Monday, August 29, 2022

A Retreat for Lay People by Ronald Knox


I now can see why C.S. Lewis called Ronald Knox the wittiest man in Europe. At times I kept forgetting I wasn't reading Chesterton but was reading a collection of Monsignor Knox's talks he'd given on many retreats for us regular folk - a.k.a. lay people.

These are really wonderful because Knox seemingly effortlessly combines practical advice, inspirational thoughts, and unexpected ways to think about God and our relationship with him. I got a kick out of the times when Knox would say "my own translation of this Scripture might give a better sense" and I'd remember that, of course, the Knox Bible was done by this priest who had such a chatty, friendly style in these talks.

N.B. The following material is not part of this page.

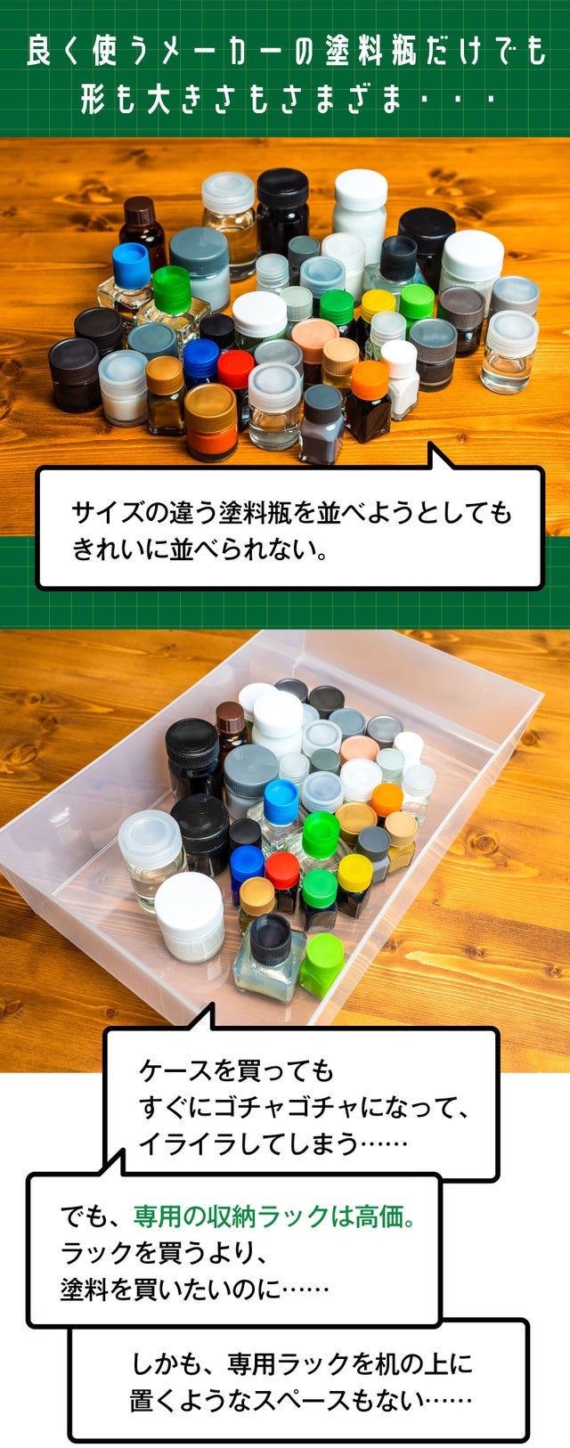 プラモデルを趣味とする方の共通の悩み。それは、増え続ける塗料瓶の収納ではないでしょうか。

I read a chapter each morning with my coffee and it was the perfect start to my day. Here's a sample of some of the down-to-earth yet utterly surprising images that delighted me and have stuck with me.
Being alive to God means something a little more complicated; it means that the thought of God is at the very apex of our unconscious minds all the time, overflowing all the time into our conscious thoughts, our conscious acts. ...

We read of the patriarch Enoch, that he walked with God. We usually, I think, get the wrong idea of that word "walked in the Old Testament. We think of it as if it meant going on a kind of pilgrimage, laboriously plodding on and on, along a path that has been mapped out for you, but of course it doesn't; it means walking up and down, strolling about at your leisure, taking a turn up and down the front lawn—that is the sort of picture we want to have in our minds when we hear about people walking with God. Enoch walked to and fro, went about his daily business and his daily pleasures, but always with God.

If only we were more like that! If only we could walk through the world at God's heels—so close to him, so alive to his presence, that we could share everything with him, refer to him every moment of sunshine, every shadow of uncertainty in our lives; accept everything he sends with conscious gratitude; obey the least whisper of his call! Even if it is sitting in a room where its master is at work, see who the dog, though it is half asleep on the floor, is awake all the time to him; he has merely to throw a word to it and you will hear it rapping its tail on the floor, for very pleasure that some notice has been taken of it—if we could be grateful, instinctively grateful, for every breath of grace that passes over our souls, and acknowledge it, at once, as God's gift!